Looking at sqexp_cov
above, it seems like we can choose a dense mesh in x and compute a covariance matrix. Then we somehow need to generate some random data that “obey” that matrix. It turns out that there are some basic statistical laws that make this easy. (I learned the following from StackExchange — I should learn some real stats!) Say we have a random vector \(\vec r\) drawn from a multidimensional Gaussian characterized by mean \(\vec \mu_r\) and covariance \(C_r\). For some matrix \(A\), we can compute the product \(\vec s = A \vec r\).

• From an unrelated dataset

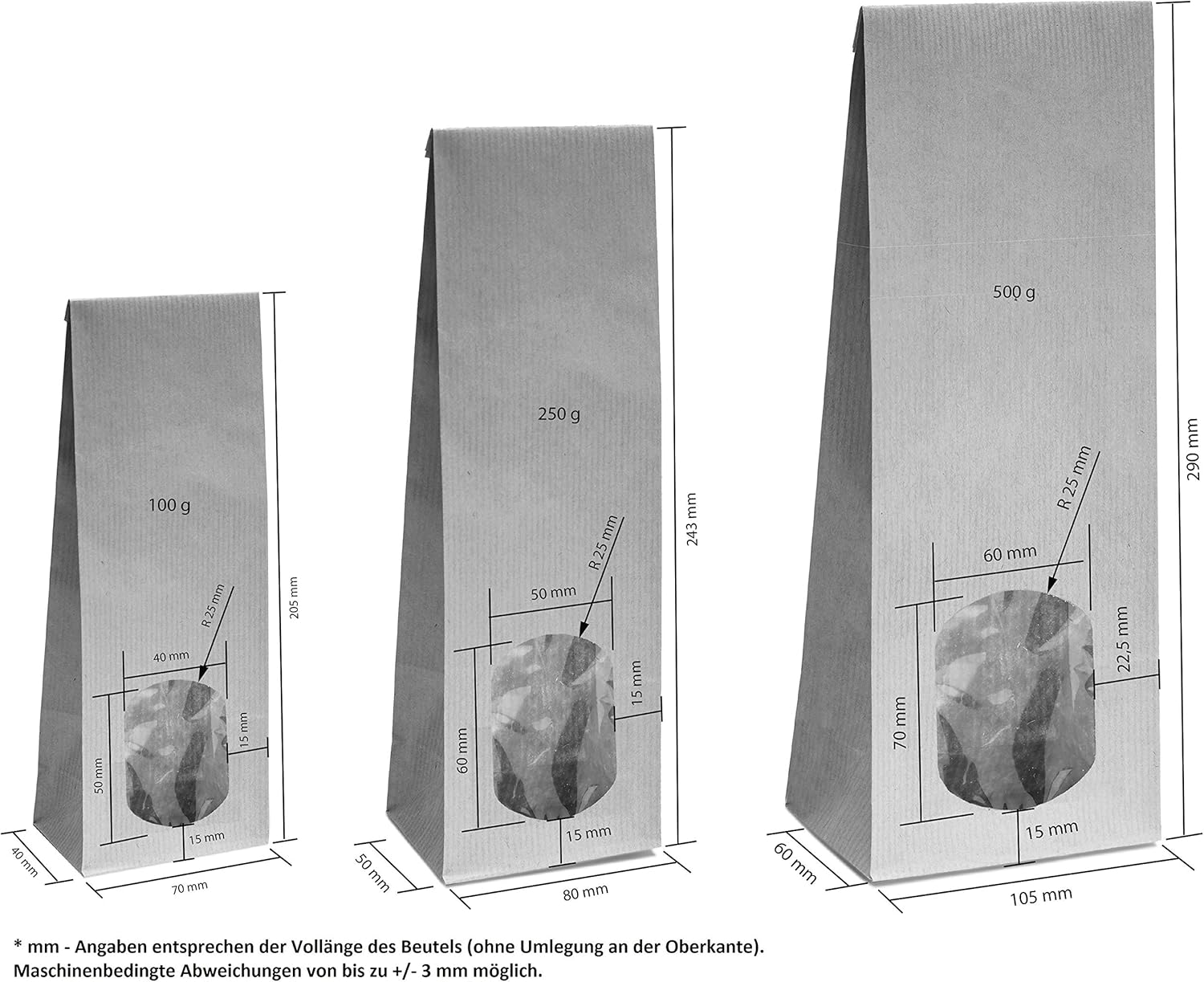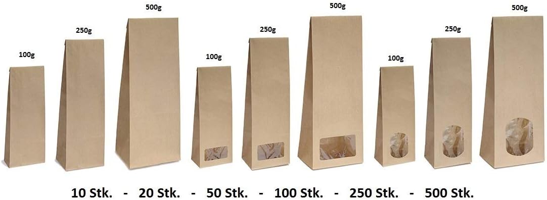 📌 Confezione per alimenti con finestra ovale I capacità circa 100 g o 250 g o 500 g 📌 Busta da 100 g = ca. 70 x 40 x 205 mm o 7 x 4 x 20,5 cm -> Made in Germany 📌 I sacchetti con fondo quadro sono realizzati con il seguente materiale: Sacchetti con finestra ovale: carta kraft da 70 g (strato esterno) con pellicola OPP da 25 My (strato interno) 📌 I sacchetti sono ideali per pasta, cose macinate finemente come spezie, tè, caffè, erbe aromatiche, sale, sali da bagno, farina ma anche per piatti leggermente grassi cose come popcorn, biscotti, biscotti, pasticcini, cioccolatini, dolciumi e dolci. 📌 I sacchetti di carta sono adatti anche come sacchetti regalo, confezioni regalo, per il fai da te come calendario dell'Avvento, come confezione regalo, facili da riempire, come sacchetti per caramelle, come sacchetti per il pane per la scuola o come sacchetti di carta per regali/omaggi promozionali

It is true that
\[\qquad \vec \mu_s = A \vec \mu_r\]
and
\[\qquad C_s = A C_r A^T.\]
How does this help us generate a correlated noise vector “obeying” some covariance matrix \(C\)? Say we have some \(\vec r\) with zero mean, unit variance, and zero covariance — which is easy to generate. From the above, we see that we can create something obeying \(C\) by finding \(A\) such that \(A A^T = C\). Such an \(A\) happens to be the the Cholesky decomposition of \(C\), which is well-trodden numerical ground. In Python:
def corr_noise (cov):
uncorr_noise = np.random.normal (size=cov.shape[0])
return np.dot (np.linalg.cholesky (cov), uncorr_noise)
So let's create a Gaussian process covariance matrix and sample it a few times. One subtlety is that the covariance matrix is positive definite only if the per-sample uncertainties are positive, so we have to use a small-but-nonzero vector for u in sqexp_cov
.
x = np.linspace (0, 10, 300)
kern = lambda r: sqexp_kernel (1., 1., r)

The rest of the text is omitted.